I am eternally grateful that Twitter doesn’t have an “is online now” indicator
I serve garlic bread at every meal, but these blood-sucking vampires still haven’t moved out.
I just swallowed my record player’s needle and nothing’s happened to me, nothing’s happened to me, nothing’s happened to me, nothing’s happe
I assume anyone walking more than one Doberman is training them to rob banks
[asteroid hurling towards earth]
ME: [frantically petting dogs] this puts me horribly behind schedule
Age 20: Gonna make something of my life
Age 30: Not really going as planned
Age 40: THEY KNOW ME BY NAME AT THE LIQUOR STORE
doctor: your system is full of drugs
patient: you should see the other guy
doctor: what other guy
patient: you can’t see him
ever get so drunk you discover the next day you’ve legally changed your name to celine dion?
unrelated—anyone know how to legally unchange your name?
dm celine dion, please.
Driving home with my kids & my son didn’t like the song I was listening to.
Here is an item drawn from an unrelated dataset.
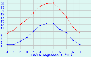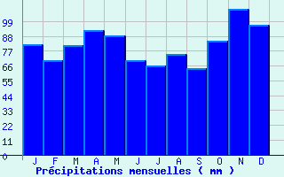 | Jan | Fev | Mars | Avr | Mai | Juin | Juil | Aout | Sept | Oct | Nov | Dec | Année | | Temp. max. (°C) | 8 | 9.7 | 13.1 | 15.7 | 19.6 | 23.5 | 24.9 | 25.3 | 21.7 | 17.3 | 11 | 8.2 | 16.5 | | Temp. moy. (°C) | 4.7 | 5.6 | 8.3 | 10.6 | 14.3 | 17.9 | 19.2 | 19.3 | 15.9 | 12.8 | 7.4 | 4.8 | 11.8 | | Temp. min. (°C) | 1.4 | 1.4 | 3.5 | 5.5 | 9.1 | 12.3 | 13.4 | 13.3 | 10.1 | 8.3 | 3.9 | 1.5 | 7 | | Jan | Fev | Mars | Avr | Mai | Juin | Juil | Aout | Sept | Oct | Nov | Dec | Année | | Jours Tx > 30°C | 0 | 0 | 0 | 0 | 0.3 | 2.7 | 4.1 | 5.1 | 0.6 | 0 | 0 | 0 | 12.8 | | Jours Tx > 25°C | 0 | 0 | 0.1 | 0.6 | 4.6 | 11.1 | 15.4 | 14.3 | 6.7 | 1.1 | 0 | 0 | 54 | | Jours Tx < 0°C | 1.5 | 0.5 | 0.1 | 0 | 0 | 0 | 0 | 0 | 0 | 0 | 0.1 | 1.5 | 3.6 | | Jours Tn < 0°C | 12.7 | 11.4 | 6.4 | 1.6 | 0.2 | 0 | 0 | 0 | 0 | 1.7 | 6.4 | 12.1 | 52.4 | | Jours Tn < -5°C | 3.3 | 2 | 0.6 | 0 | 0 | 0 | 0 | 0 | 0 | 0 | 0.7 | 3.2 | 9.7 | | Jours Tn < -10°C | 0.1 | 0 | 0.1 | 0 | 0 | 0 | 0 | 0 | 0 | 0 | 0 | 0.4 | 0.7 | | | | Jan | Fev | Mars | Avr | Mai | Juin | Juil | Aout | Sept | Oct | Nov | Dec | Année | | RR mensuel (mm) | 81.8 | 69.8 | 81.5 | 92.4 | 88.2 | 70.1 | 66.2 | 74.5 | 64 | 84.4 | 108.5 | 96.2 | 977.6 | | Jan | Fev | Mars | Avr | Mai | Juin | Juil | Aout | Sept | Oct | Nov | Dec | Année | | Jours RR > 1mm | 12.8 | 11 | 11.2 | 13 | 11.7 | 8.7 | 9.5 | 9.8 | 8.7 | 11.7 | 15.1 | 12.7 | 135.9 | | Jours RR > 5mm | 5.2 | 4.6 | 6 | 7.1 | 5.5 | 4.6 | 4.3 | 4.7 | 4.3 | 5.6 | 6.9 | 7.1 | 66 | | Jours RR > 10mm | 2.2 | 2 | 2.4 | 2.8 | 2.6 | 2.3 | 2.4 | 2.5 | 1.9 | 2.5 | 3.9 | 3.1 | 30.6 | | | | Jan | Fev | Mars | Avr | Mai | Juin | Juil | Aout | Sept | Oct | Nov | Dec | Année | | Vent moyen (km/h) | 10.8 | 11.5 | 11.5 | 10.8 | 9.7 | 9 | 9.4 | 8.3 | 8.6 | 9 | 9.7 | 10.4 | 9.7 | | Jan | Fev | Mars | Avr | Mai | Juin | Juil | Aout | Sept | Oct | Nov | Dec | Année | | Jours rafales >= 58km/h | 2.9 | 3.4 | 2.6 | 2.4 | 1 | 0.6 | 1.2 | 0.8 | 0.7 | 1.5 | 2 | 2.5 | 21.6 | | Jours rafales >= 100km/h | 0 | 0.1 | 0 | 0 | 0 | 0 | 0.1 | 0 | 0 | 0 | 0 | 0.1 | 0.2 |

He said, “Thank God we’re 10 seconds from home!” & then I took the long way home because that’s what good parents do.
Protip: To get teens to help bring in groceries, always ask if they want anything before you leave. They’ll be waiting at the door when you return.
Very important new poster I stuck up in town today. This is my first step towards becoming a great businessman
In the middle of an argument, begin calmly folding a blanket if you want the other person to go truly ballistic
My legs are so sore from the gym that I almost couldn’t walk to the donut shop.
If women would start naming their periods like hurricanes it would be alot easier for us men to remember which argument you are referring to
8YR OLD: dad, can we get pizza for dinner tonight?
ME: aw sweetie, I’m sorry…I had pizza for lunch
8: you think I give a damn what you had for lunch?
Hubs says when I drink I’m “too loud” and use too many “big words.”
WELL I’M SORRY IF MY VOCIFEROUS GRANDILOQUENCE BOTHERS YOU!!